A newly discovered high-severity vulnerability in Four-Faith routers is being actively exploited in the wild, potentially affecting over 15,000 internet-connected devices, according to security researchers at VulnCheck.
The vulnerability (CVE-2024-12856), which carries a CVSS score of 7.2, allows attackers to execute operating system commands on Four-Faith router models F3x24 and F3x36. While the flaw requires authentication, devices still using default login credentials remain particularly vulnerable to unauthorized access.
Security researcher Jacob Baines revealed that attackers can exploit the vulnerability through the routers' HTTP interface using the /apply.cgi endpoint. The flaw specifically targets the adj_time_year parameter when modifying system time settings.
VulnCheck researchers observed active exploitation attempts originating from IP address 178.215.238[.]91, which has been previously linked to attacks targeting another Four-Faith router vulnerability (CVE-2019-12168). The current attacks leverage default credentials to exploit CVE-2024-12856 and establish persistent remote access through a reverse shell.
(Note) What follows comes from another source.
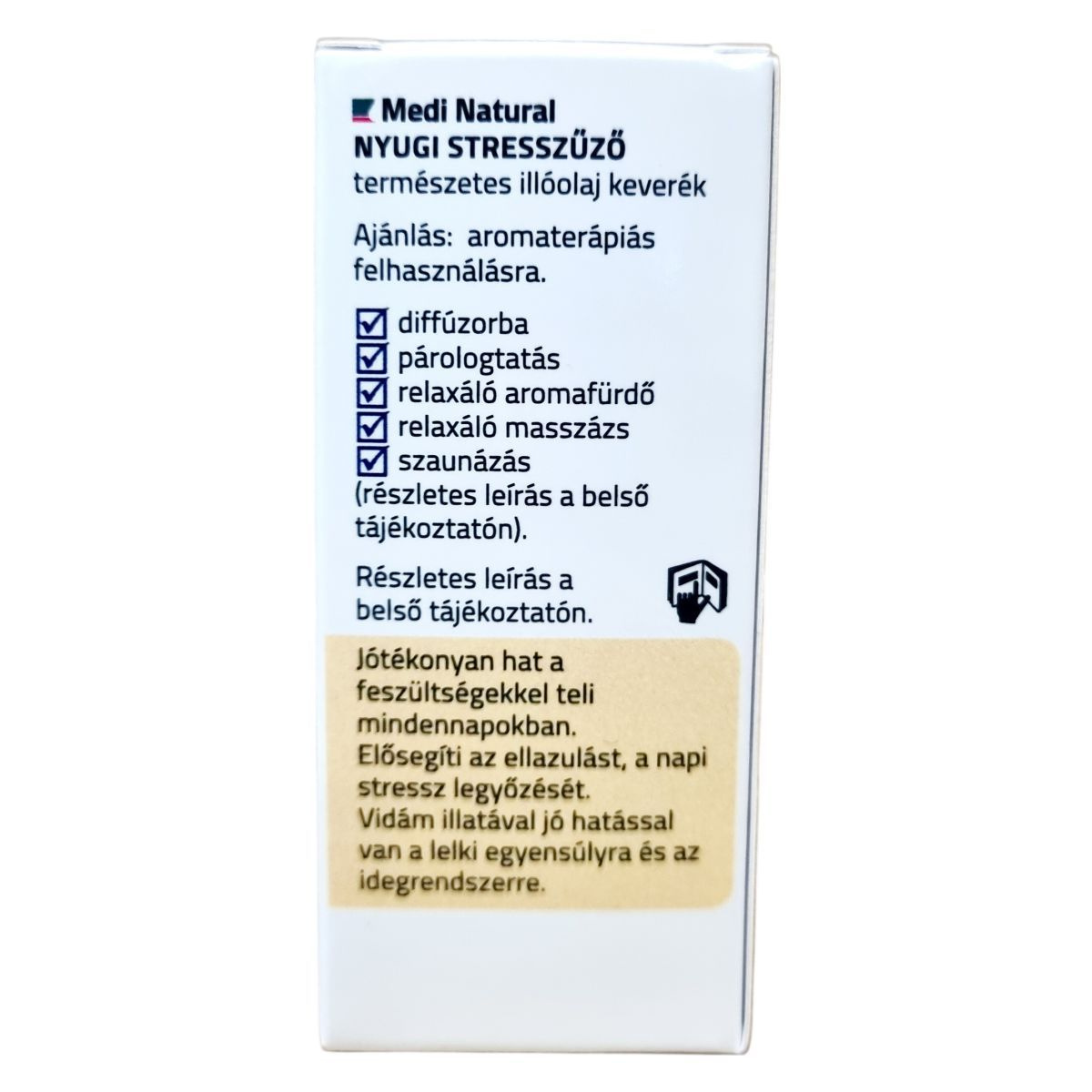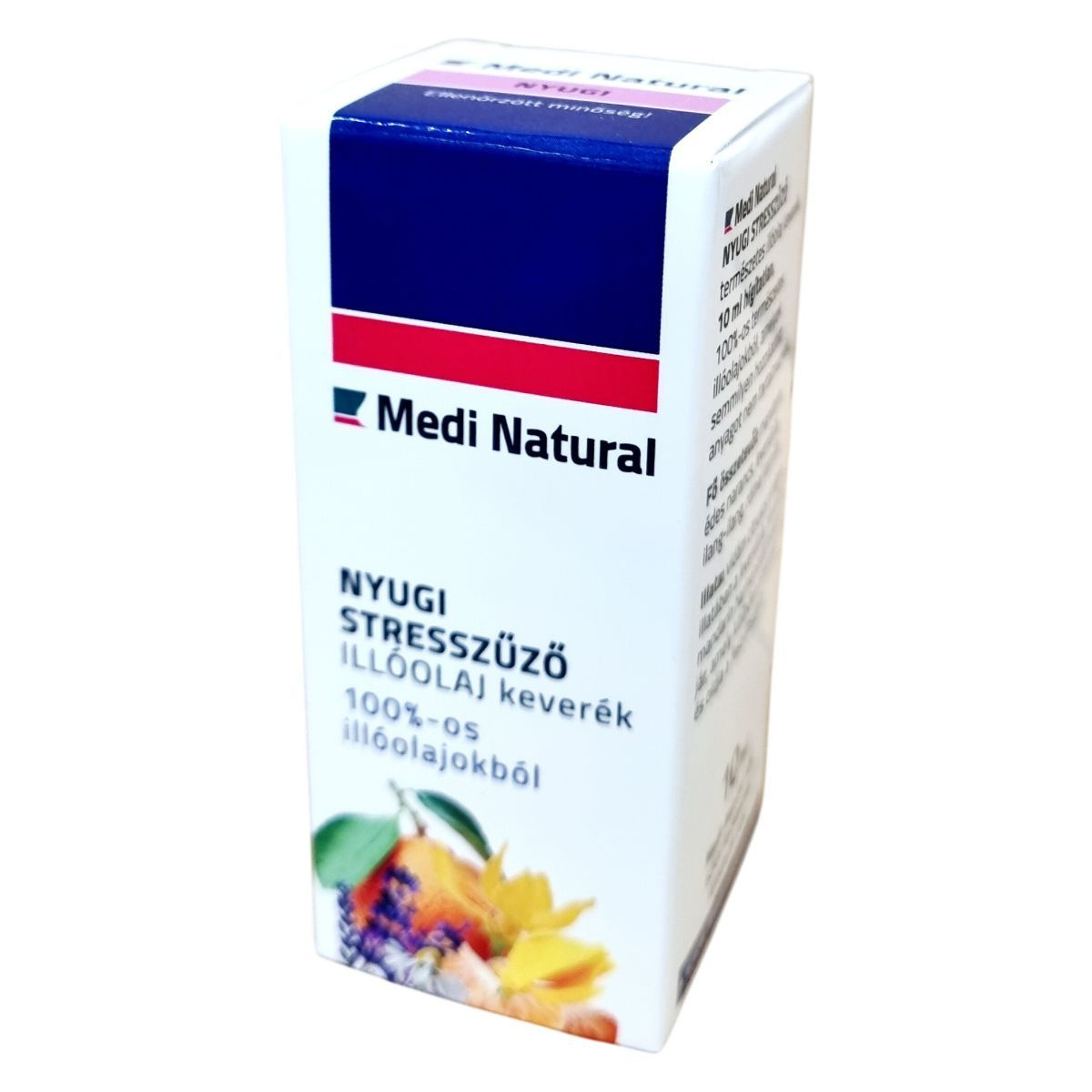 A Medi Natural NYUGI STRESSZŰZŐ természetes illóolaj keverék 10 ml hígítatlan, 100%-ban természetes illóolajokból áll, melyek semmilyen hozzáadott anyagot nem tartalmaznak. A fő összetevők között megtalálható a mandarin, édes narancs, levendula, ilang-ilang és római kamilla, amelyek harmonikus, vidám citrusos és virágos illatot biztosítanak. Ez az illat együttesen segít pihenni, oldani a feszültséget, támogatja a lelki egyensúlyt és az idegrendszer megnyugtatását. A termék aromaterápiás alkalmazásra készült, többféle használati módja ismert, például diffúzorba vagy párologtatáshoz, relaxáló aromafürdőhöz, masszázshoz és szaunázáshoz egyaránt használható. A részletes használati útmutató a csomagolás belső tájékoztatójában található.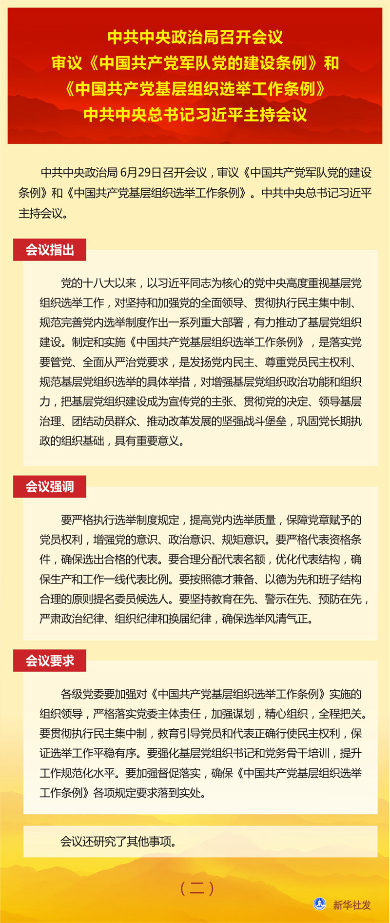 新華社北京6月29日電? 中共中央政治局6月29日召開(kāi)會(huì)議,審議《中國(guó)共產(chǎn)黨軍隊(duì)黨的建設(shè)條例》和《中國(guó)共產(chǎn)黨基層組織選舉工作條例》。中共中央總書(shū)記習(xí)近平主持會(huì)議。

According to data from Censys, more than 15,000 potentially vulnerable Four-Faith routers are currently exposed to the internet. Evidence suggests that exploitation attempts may have begun as early as November 2024.
VulnCheck reported the vulnerability to Four-Faith on December 20, 2024, but no patches are currently available. Users of affected router models are advised to change default credentials immediately to mitigate potential attacks.
The Chinese manufacturer has not yet responded to requests for comment regarding the security issue.